Romain Schneider soulignait aussi dans sa réponse que la loi du 18 avril 2008 concernant le renouvellement du soutien au développement rural offrait un cadre approprié aux producteurs souhaitant procéder à des investissements dans le secteur de la production laitière. "Cette loi leur permettra de se doter d'un outil de production performant garantissant leur compétitivité bien au-delà de l'échéance 2015 où l'actuel régime des quotas laitiers aura touché à sa fin" poursuivait-il en expliquant que "de tels investissements se justifient puisque les perspectives à moyen et à long terme pour le secteur laitier restent bonnes" dans la mesure où la demande mondiale en lait et en produits laitiers devrait croître à l’avenir en raison d'une augmentation constante de la population mondiale, et ce alors que la production de lait aura, par moments, du mal à suffire à cette demande.

Le ministre de l’Agriculture estimait par ailleurs "qu'il serait indiqué de lancer une campagne de prise de conscience en premier lieu auprès des jeunes producteurs afin de les sensibiliser sur la nécessité d'une formation adéquate et du recours continu à des conseils et des cours de perfectionnement offerts par des services spécialisés de sorte qu'ils disposent des connaissances supposées nécessaires pour pouvoir assurer une gestion de leur exploitation".

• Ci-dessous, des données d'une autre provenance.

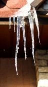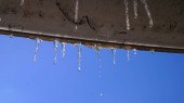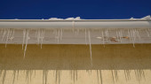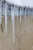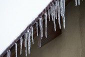 Oszałamiające sople zwisające z pokrytego śniegiem dachu na tle przejrzystego błękitnego nieba. Zimowa scena natury z długimi przezroczystymi formacjami lodu na okapie budynku w jasnym świetle słonecznym.

Enfin, Romain Schneider annonçait qu’il s’agira d’œuvrer dans les prochaines années pour que le modèle agricole européen, tel qu'il a été défini sous présidence luxembourgeoise, modèle qui préconise une agriculture moderne, multi-fonctionnelle et durable, soit conservé. Cet objectif présuppose pour le nouveau ministre "la poursuite du programme de subventionnement de l'agriculture tel qu'instauré par le régime de paiement unique comme compensation des obligations non honorées par le marché."

Lors du Conseil Agriculture du 7 septembre 2009, le Luxembourg s’était par ailleurs associé à 15 autres pays pour soumettre une déclaration conjointe au Conseil, appelant notamment à un renforcement des mesures de soutien de marché. Une réponse de Mariann Fischer Boel, membre de la Commission européenne en charge de l’Agriculture, était attendue, sous la forme d’une nouvelle proposition de la Commission, le 17 septembre 2009.